▶ _MATERIAL FOR THIS EXERCISE_
----

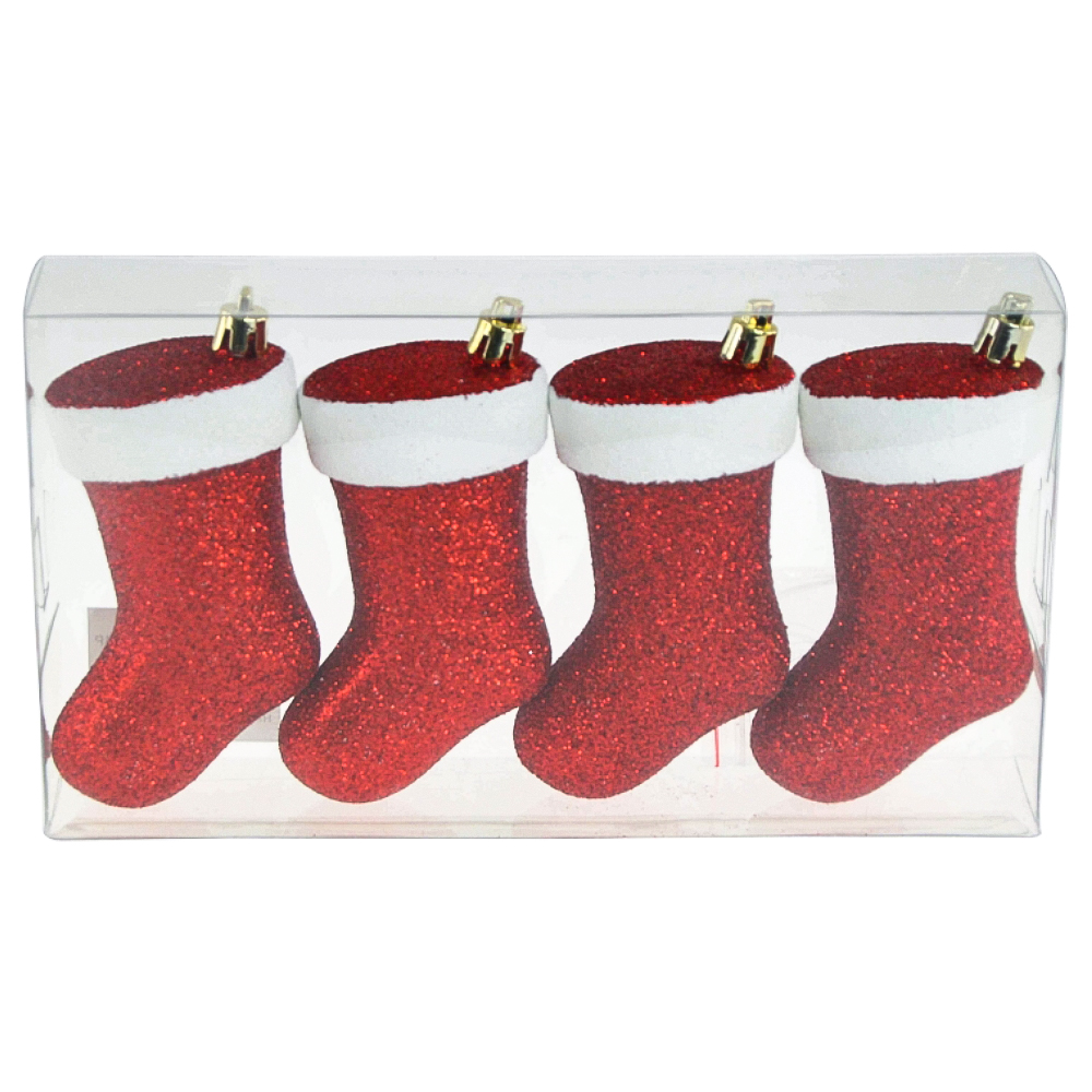 Julgranskulor Julstrumpor består av julgranshängen i form av glitter julstrumpor. Julstrumporna är gjorda i plast och mäter ungefär 9,5 centimeter höga. Säljs i 4-pack.
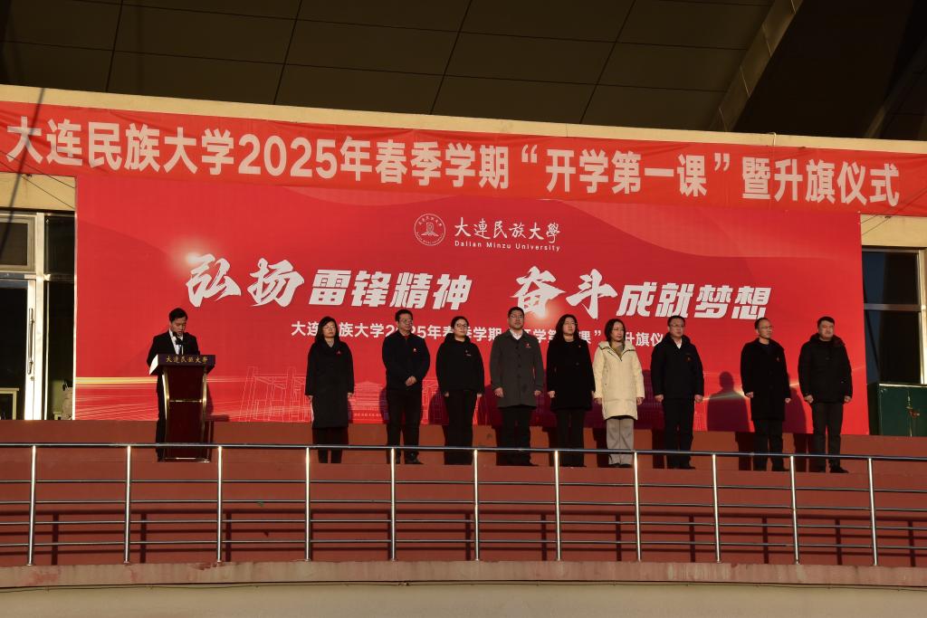 民大新闻网讯 为深入贯彻落实学校党委二届三次全会精神和全面落实学校第二次党代会精神推进会暨2025年学校工作布置会精神,激励全校师生以饱满的精神面貌和昂扬的奋进姿态开启2025年春季新学期,3月3日,学校在两校区举行“弘扬雷锋精神,奋斗成就梦想”2025年春季学期“开学第一课”暨升旗仪式。副校长董斌、王慧参加活动。
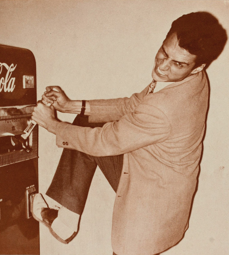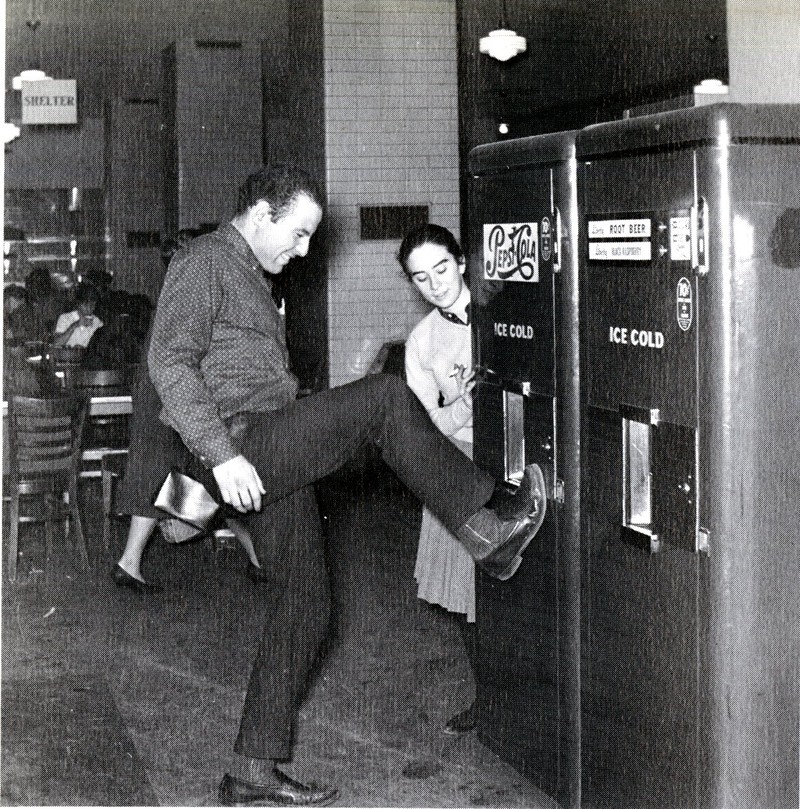 Here's a precursor to the Atkins diet. This ice cream vending machine has been marked "Permanently out of order." From Hunter College's Wistarion yearbook, 1963.
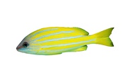 Adults have large eyes, their body is bright yellow in colour with 5 horizontal bright blue stripes running the entire length of the body. The blue stripes have faint black edges. The underside is a light yellowish silver shade. Fins are yellow. Older fish have a black head and a yellow underside. Some individuals may have a faint black spot, larger than the eye, below the rear of the dorsal fin. Read more…
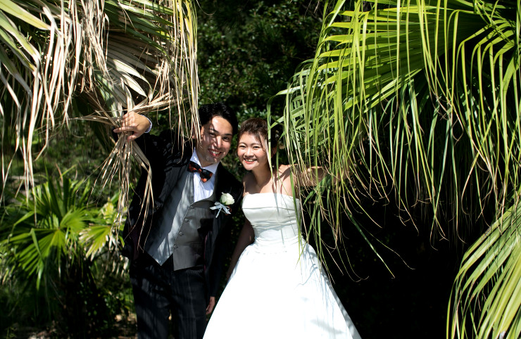 ホテルからすぐの美々ビーチで、エメラルドグリーンをバックにした撮影は

----

▶ _ACTION ITEM_
Exactly the lines from the top of the entries through the line with "Here's a precursor", inclusive, must be given again, with every picture omitted.

▶ _ANSWER TO THE EXERCISE_
 Julgranskulor Julstrumpor består av julgranshängen i form av glitter julstrumpor. Julstrumporna är gjorda i plast och mäter ungefär 9,5 centimeter höga. Säljs i 4-pack.
 民大新闻网讯 为深入贯彻落实学校党委二届三次全会精神和全面落实学校第二次党代会精神推进会暨2025年学校工作布置会精神,激励全校师生以饱满的精神面貌和昂扬的奋进姿态开启2025年春季新学期,3月3日,学校在两校区举行“弘扬雷锋精神,奋斗成就梦想”2025年春季学期“开学第一课”暨升旗仪式。副校长董斌、王慧参加活动。
 Here's a precursor to the Atkins diet. This ice cream vending machine has been marked "Permanently out of order." From Hunter College's Wistarion yearbook, 1963.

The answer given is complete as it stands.